## PROBLEM TO SOLVE:
The records below are to be retyped in full, without any alteration.

*** DATA ***

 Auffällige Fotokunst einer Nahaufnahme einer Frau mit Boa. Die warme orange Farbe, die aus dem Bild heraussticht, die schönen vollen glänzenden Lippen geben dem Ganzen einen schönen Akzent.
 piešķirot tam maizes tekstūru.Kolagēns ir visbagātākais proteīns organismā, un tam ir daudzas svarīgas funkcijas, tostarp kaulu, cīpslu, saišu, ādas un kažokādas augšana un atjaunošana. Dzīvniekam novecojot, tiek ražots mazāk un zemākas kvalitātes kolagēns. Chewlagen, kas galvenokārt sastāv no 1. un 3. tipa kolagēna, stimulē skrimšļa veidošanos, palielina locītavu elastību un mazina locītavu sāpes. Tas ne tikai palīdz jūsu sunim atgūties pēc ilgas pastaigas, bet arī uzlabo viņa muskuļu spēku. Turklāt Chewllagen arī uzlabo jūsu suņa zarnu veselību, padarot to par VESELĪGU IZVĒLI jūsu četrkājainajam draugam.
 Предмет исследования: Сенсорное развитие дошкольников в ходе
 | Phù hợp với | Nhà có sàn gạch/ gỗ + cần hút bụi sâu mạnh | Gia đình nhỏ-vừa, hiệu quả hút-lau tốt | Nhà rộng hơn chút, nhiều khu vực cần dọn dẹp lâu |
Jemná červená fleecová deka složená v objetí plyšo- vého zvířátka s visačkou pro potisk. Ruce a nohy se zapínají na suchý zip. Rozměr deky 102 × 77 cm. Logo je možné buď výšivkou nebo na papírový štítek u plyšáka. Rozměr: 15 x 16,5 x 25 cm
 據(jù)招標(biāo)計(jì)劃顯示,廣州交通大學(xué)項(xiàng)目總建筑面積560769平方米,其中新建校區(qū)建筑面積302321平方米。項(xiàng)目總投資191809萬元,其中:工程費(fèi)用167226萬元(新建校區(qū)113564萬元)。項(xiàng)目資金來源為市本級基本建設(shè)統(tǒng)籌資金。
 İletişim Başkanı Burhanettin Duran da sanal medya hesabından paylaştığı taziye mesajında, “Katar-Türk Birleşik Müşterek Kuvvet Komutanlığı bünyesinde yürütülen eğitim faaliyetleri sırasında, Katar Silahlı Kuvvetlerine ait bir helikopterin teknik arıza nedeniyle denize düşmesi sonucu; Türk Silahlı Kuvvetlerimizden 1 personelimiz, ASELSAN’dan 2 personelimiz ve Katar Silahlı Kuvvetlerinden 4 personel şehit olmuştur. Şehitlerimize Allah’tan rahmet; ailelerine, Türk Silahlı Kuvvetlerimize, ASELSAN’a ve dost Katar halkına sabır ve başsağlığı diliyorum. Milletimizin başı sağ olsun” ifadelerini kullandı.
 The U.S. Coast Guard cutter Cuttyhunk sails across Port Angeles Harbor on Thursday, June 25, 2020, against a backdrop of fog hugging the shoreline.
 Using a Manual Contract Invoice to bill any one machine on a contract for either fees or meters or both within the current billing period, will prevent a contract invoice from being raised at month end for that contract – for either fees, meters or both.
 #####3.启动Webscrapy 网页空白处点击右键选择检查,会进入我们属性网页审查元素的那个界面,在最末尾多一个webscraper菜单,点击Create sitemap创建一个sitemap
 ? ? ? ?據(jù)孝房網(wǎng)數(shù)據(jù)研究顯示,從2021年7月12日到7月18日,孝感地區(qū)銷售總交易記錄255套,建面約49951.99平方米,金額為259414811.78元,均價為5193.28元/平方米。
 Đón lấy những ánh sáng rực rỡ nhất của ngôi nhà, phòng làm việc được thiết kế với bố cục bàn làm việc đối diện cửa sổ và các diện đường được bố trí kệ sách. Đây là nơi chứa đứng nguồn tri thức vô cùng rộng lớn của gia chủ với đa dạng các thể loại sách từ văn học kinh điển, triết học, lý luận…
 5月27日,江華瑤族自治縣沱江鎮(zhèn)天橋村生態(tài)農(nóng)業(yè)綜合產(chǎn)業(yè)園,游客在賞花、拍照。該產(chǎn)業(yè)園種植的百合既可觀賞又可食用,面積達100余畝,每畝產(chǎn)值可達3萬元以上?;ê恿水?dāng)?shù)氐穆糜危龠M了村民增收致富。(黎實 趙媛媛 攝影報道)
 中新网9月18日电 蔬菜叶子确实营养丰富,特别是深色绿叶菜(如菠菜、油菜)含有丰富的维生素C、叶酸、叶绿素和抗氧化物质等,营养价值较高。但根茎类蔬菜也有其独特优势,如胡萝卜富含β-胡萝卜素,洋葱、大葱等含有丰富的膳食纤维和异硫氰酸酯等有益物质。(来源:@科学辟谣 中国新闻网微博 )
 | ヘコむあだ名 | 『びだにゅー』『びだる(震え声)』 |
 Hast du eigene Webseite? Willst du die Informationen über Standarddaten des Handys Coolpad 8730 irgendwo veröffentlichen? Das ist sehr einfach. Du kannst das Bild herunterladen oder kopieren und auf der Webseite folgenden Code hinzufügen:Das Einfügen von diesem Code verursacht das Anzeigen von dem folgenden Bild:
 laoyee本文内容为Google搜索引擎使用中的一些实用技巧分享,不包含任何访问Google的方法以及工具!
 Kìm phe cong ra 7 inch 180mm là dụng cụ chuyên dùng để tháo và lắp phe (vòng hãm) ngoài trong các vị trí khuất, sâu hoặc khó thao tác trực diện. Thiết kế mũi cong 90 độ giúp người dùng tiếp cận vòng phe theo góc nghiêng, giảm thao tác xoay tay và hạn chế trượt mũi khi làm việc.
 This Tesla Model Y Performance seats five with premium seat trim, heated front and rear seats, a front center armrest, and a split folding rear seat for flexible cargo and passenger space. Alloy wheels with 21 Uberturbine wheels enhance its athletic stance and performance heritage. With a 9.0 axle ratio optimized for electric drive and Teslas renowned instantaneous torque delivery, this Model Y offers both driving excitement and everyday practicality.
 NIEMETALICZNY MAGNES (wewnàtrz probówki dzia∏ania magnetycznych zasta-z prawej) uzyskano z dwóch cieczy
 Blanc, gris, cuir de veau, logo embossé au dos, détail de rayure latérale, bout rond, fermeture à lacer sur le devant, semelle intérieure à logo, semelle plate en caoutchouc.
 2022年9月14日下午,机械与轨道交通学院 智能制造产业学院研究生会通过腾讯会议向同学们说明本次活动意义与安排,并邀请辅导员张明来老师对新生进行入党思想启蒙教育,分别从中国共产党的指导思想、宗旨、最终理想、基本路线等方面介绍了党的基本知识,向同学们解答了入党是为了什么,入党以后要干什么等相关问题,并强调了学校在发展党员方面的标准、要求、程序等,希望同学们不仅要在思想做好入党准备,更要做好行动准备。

*** End of DATA ***

## RESPONSE TO THE EXERCISE:
 Auffällige Fotokunst einer Nahaufnahme einer Frau mit Boa. Die warme orange Farbe, die aus dem Bild heraussticht, die schönen vollen glänzenden Lippen geben dem Ganzen einen schönen Akzent.
 piešķirot tam maizes tekstūru.Kolagēns ir visbagātākais proteīns organismā, un tam ir daudzas svarīgas funkcijas, tostarp kaulu, cīpslu, saišu, ādas un kažokādas augšana un atjaunošana. Dzīvniekam novecojot, tiek ražots mazāk un zemākas kvalitātes kolagēns. Chewlagen, kas galvenokārt sastāv no 1. un 3. tipa kolagēna, stimulē skrimšļa veidošanos, palielina locītavu elastību un mazina locītavu sāpes. Tas ne tikai palīdz jūsu sunim atgūties pēc ilgas pastaigas, bet arī uzlabo viņa muskuļu spēku. Turklāt Chewllagen arī uzlabo jūsu suņa zarnu veselību, padarot to par VESELĪGU IZVĒLI jūsu četrkājainajam draugam.
 Предмет исследования: Сенсорное развитие дошкольников в ходе
 | Phù hợp với | Nhà có sàn gạch/ gỗ + cần hút bụi sâu mạnh | Gia đình nhỏ-vừa, hiệu quả hút-lau tốt | Nhà rộng hơn chút, nhiều khu vực cần dọn dẹp lâu |
Jemná červená fleecová deka složená v objetí plyšo- vého zvířátka s visačkou pro potisk. Ruce a nohy se zapínají na suchý zip. Rozměr deky 102 × 77 cm. Logo je možné buď výšivkou nebo na papírový štítek u plyšáka. Rozměr: 15 x 16,5 x 25 cm
 據(jù)招標(biāo)計(jì)劃顯示,廣州交通大學(xué)項(xiàng)目總建筑面積560769平方米,其中新建校區(qū)建筑面積302321平方米。項(xiàng)目總投資191809萬元,其中:工程費(fèi)用167226萬元(新建校區(qū)113564萬元)。項(xiàng)目資金來源為市本級基本建設(shè)統(tǒng)籌資金。
 İletişim Başkanı Burhanettin Duran da sanal medya hesabından paylaştığı taziye mesajında, “Katar-Türk Birleşik Müşterek Kuvvet Komutanlığı bünyesinde yürütülen eğitim faaliyetleri sırasında, Katar Silahlı Kuvvetlerine ait bir helikopterin teknik arıza nedeniyle denize düşmesi sonucu; Türk Silahlı Kuvvetlerimizden 1 personelimiz, ASELSAN’dan 2 personelimiz ve Katar Silahlı Kuvvetlerinden 4 personel şehit olmuştur. Şehitlerimize Allah’tan rahmet; ailelerine, Türk Silahlı Kuvvetlerimize, ASELSAN’a ve dost Katar halkına sabır ve başsağlığı diliyorum. Milletimizin başı sağ olsun” ifadelerini kullandı.
 The U.S. Coast Guard cutter Cuttyhunk sails across Port Angeles Harbor on Thursday, June 25, 2020, against a backdrop of fog hugging the shoreline.
 Using a Manual Contract Invoice to bill any one machine on a contract for either fees or meters or both within the current billing period, will prevent a contract invoice from being raised at month end for that contract – for either fees, meters or both.
 #####3.启动Webscrapy 网页空白处点击右键选择检查,会进入我们属性网页审查元素的那个界面,在最末尾多一个webscraper菜单,点击Create sitemap创建一个sitemap
 ? ? ? ?據(jù)孝房網(wǎng)數(shù)據(jù)研究顯示,從2021年7月12日到7月18日,孝感地區(qū)銷售總交易記錄255套,建面約49951.99平方米,金額為259414811.78元,均價為5193.28元/平方米。
 Đón lấy những ánh sáng rực rỡ nhất của ngôi nhà, phòng làm việc được thiết kế với bố cục bàn làm việc đối diện cửa sổ và các diện đường được bố trí kệ sách. Đây là nơi chứa đứng nguồn tri thức vô cùng rộng lớn của gia chủ với đa dạng các thể loại sách từ văn học kinh điển, triết học, lý luận…
 5月27日,江華瑤族自治縣沱江鎮(zhèn)天橋村生態(tài)農(nóng)業(yè)綜合產(chǎn)業(yè)園,游客在賞花、拍照。該產(chǎn)業(yè)園種植的百合既可觀賞又可食用,面積達100余畝,每畝產(chǎn)值可達3萬元以上?;ê恿水?dāng)?shù)氐穆糜危龠M了村民增收致富。(黎實 趙媛媛 攝影報道)
 中新网9月18日电 蔬菜叶子确实营养丰富,特别是深色绿叶菜(如菠菜、油菜)含有丰富的维生素C、叶酸、叶绿素和抗氧化物质等,营养价值较高。但根茎类蔬菜也有其独特优势,如胡萝卜富含β-胡萝卜素,洋葱、大葱等含有丰富的膳食纤维和异硫氰酸酯等有益物质。(来源:@科学辟谣 中国新闻网微博 )
 | ヘコむあだ名 | 『びだにゅー』『びだる(震え声)』 |
 Hast du eigene Webseite? Willst du die Informationen über Standarddaten des Handys Coolpad 8730 irgendwo veröffentlichen? Das ist sehr einfach. Du kannst das Bild herunterladen oder kopieren und auf der Webseite folgenden Code hinzufügen:Das Einfügen von diesem Code verursacht das Anzeigen von dem folgenden Bild:
 laoyee本文内容为Google搜索引擎使用中的一些实用技巧分享,不包含任何访问Google的方法以及工具!
 Kìm phe cong ra 7 inch 180mm là dụng cụ chuyên dùng để tháo và lắp phe (vòng hãm) ngoài trong các vị trí khuất, sâu hoặc khó thao tác trực diện. Thiết kế mũi cong 90 độ giúp người dùng tiếp cận vòng phe theo góc nghiêng, giảm thao tác xoay tay và hạn chế trượt mũi khi làm việc.
 This Tesla Model Y Performance seats five with premium seat trim, heated front and rear seats, a front center armrest, and a split folding rear seat for flexible cargo and passenger space. Alloy wheels with 21 Uberturbine wheels enhance its athletic stance and performance heritage. With a 9.0 axle ratio optimized for electric drive and Teslas renowned instantaneous torque delivery, this Model Y offers both driving excitement and everyday practicality.
 NIEMETALICZNY MAGNES (wewnàtrz probówki dzia∏ania magnetycznych zasta-z prawej) uzyskano z dwóch cieczy
 Blanc, gris, cuir de veau, logo embossé au dos, détail de rayure latérale, bout rond, fermeture à lacer sur le devant, semelle intérieure à logo, semelle plate en caoutchouc.
 2022年9月14日下午,机械与轨道交通学院 智能制造产业学院研究生会通过腾讯会议向同学们说明本次活动意义与安排,并邀请辅导员张明来老师对新生进行入党思想启蒙教育,分别从中国共产党的指导思想、宗旨、最终理想、基本路线等方面介绍了党的基本知识,向同学们解答了入党是为了什么,入党以后要干什么等相关问题,并强调了学校在发展党员方面的标准、要求、程序等,希望同学们不仅要在思想做好入党准备,更要做好行动准备。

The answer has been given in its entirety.